Jakacki began by talking about Alan Liu's call for thinking critically about infrastructure. Liu calls infrastructure as social cum technological milieu.

REED (Records of Early English Drama) is a long-standing project that is now looking at going digital. They are doing this within CWRC - a virtual research environment. They showed CWRC and CWRC-Writer. In CWRC-Writer one can create linked data. They also showed Hum Viz?, a visualization environment for exploring linked data.

Sara Sikes: A Design Process Model for Inquiry-driven, Collaboration-first Scholarly Communications

Sikes talked about the Greenhouse Studios which has a nice looking lab to support projects across the humanities and arts. They look at both analogue and digital. They haven't pre-determined the outcome - the collaboration comes first. They look for "radical" collaboration.

They have a designed design process. They form a multi-disciplinary team that figures out what they are doing. They talk about collaboration. They survey what they have. This process is borrowed from design thinking. They look at feasibility, viability, and accessibility. The design process is documented at:

  • Assemble (gather a team)
  • Understand (understand the challenge)
  • Identify (relevant sources)
  • Build (build it)
  • Review (what has been built)
  • Release (different outcomes)

I asked about push-back on the process which is very deliberate. I think it is important to talk about collaboration and process, but one often gets push-back from people who just want to get on and do it.

Anna Neovesky, Frederic von Vlahovits: Incipit Search? - Interlinking Musicological Repositories

They have created a library service for searching through linked repositories. It was developed at Mainz. What is an incipit? It is the beginning or characteristic sequence of a musical piece. They are often used to disambiguate music with the same node. They encode it in an old typewriter friendly standard that can be searched on.

Their project allows search across 15 musicological projects. They also want a generic musicological search tool. They showed the search interface and the API.

William Dudley Pascoe: Rapid Bricolage

Pascoe talked about building something up from nothing. He showed a project they have developed on Colonial Frontier Massacres in Central and Eastern Australia.

They follow a rapid or agile process. I wonder how this compares to Greenhouse Studios process. Pascoe is a software developer and finds rapid prototyping helps humanist imagine what they want. Research also involves lots of speculation. Bricolage is an approach that has a history in the arts and matches agile development. He talked about the need to always tweak things in the humanities. Exceptions are important.

There was a good question about not documenting in agile methodology.

Gregory Zinman: Media Preservation between the Analog and Digital: Recovering and Recreating the Rio Videowall

The first multi-screen public installation, the Rio Videowall, was proposed by Dara Birnbaum and implemented in 1989. See This project is trying to document this first videowall in Atlanta. It was in a predominately middle-class black space. This project raises issues about preserving public art. How can one preserve the space that is since torn down.

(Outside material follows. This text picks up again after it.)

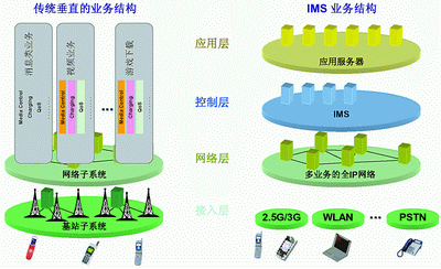 傳統(tǒng)的業(yè)務(wù)結(jié)構(gòu)和IMS業(yè)務(wù)結(jié)構(gòu)比較

Videowalls were a thing in the 1980s. Birnbaum got the idea from going dancing in New York where videowalls showing video art. This is a history that hasn't been told. Public art was also changing at the time.

The artist's critique was short circuited by the way people used videowalls. Videowalls got used commercially. How can one go back to an art work to preserve it? What is one preserving? To reconstruct one needs look at the effect on people - the project is gathering oral histories to preserve the impact.

The project page is here:


It wasn't always clear what was critical about the infrastructure projects presented. What makes infrastructure critical?

  • There is ongoing reflection built into the design and build process
  • The need for the infrastructure is not taken for granted - it is questioned
  • The nature of infrastructure is challenged or reviewed
  • Historical reflection
  • Documentation
  • Preservation

Performing Arts, Sound, Media

Erin Rose Glass: Designing writing: Educational technology as a site for fostering participatory, techno-rhetorical consciousness

Glass talked about the politics of writing in the university. She started with a certain understanding of the politics of digital technology in the university. Since the fake news scandal and so on there is now an understanding that digital technologies have politics. We are seeing discussion of this in the public sphere. Shoshana Zuboff, "The Age of Surveillance Capitalism". Digital technology seems incentivized to extract as much data as possible and then monetize it, whatever the ethics. Data is the new oil.

Lots of organizations are doing activism around these issues. Glass has found "oppression" as a useful way to think about the issues. Friere says "oppression is denying a people's right to critically understand and transform their reality." How can software now do that? Proprietary code is secret.

What does this have to do with academic writing? All the papers produced digitally (student and faculty) are data that companies want access to including Turnitin, Google Docs, Elsevier (now an information and analytics company, not a publisher), and so on. Should we think of the university as the data intensive university? What is the heart now? The servers? The corporate hosts?

Is one of the things sustaining the corporate data model our complicity. She proposed three projects, 1) the Social Paper (a student environment for writing), 2) Socializing dissertations, and 3) ... she ran out of time.

Clarisse Bardiot: Measuring Merce Cunningham : a theatre analytics research

She started by talking about cultural analytics and changed a few words to talk about theatre analytics. What can analytics bring to performance study. There is a lot of literature and history, but how to study performance which vanishes. How to turn performance into data. She has developed tools to preserve traces.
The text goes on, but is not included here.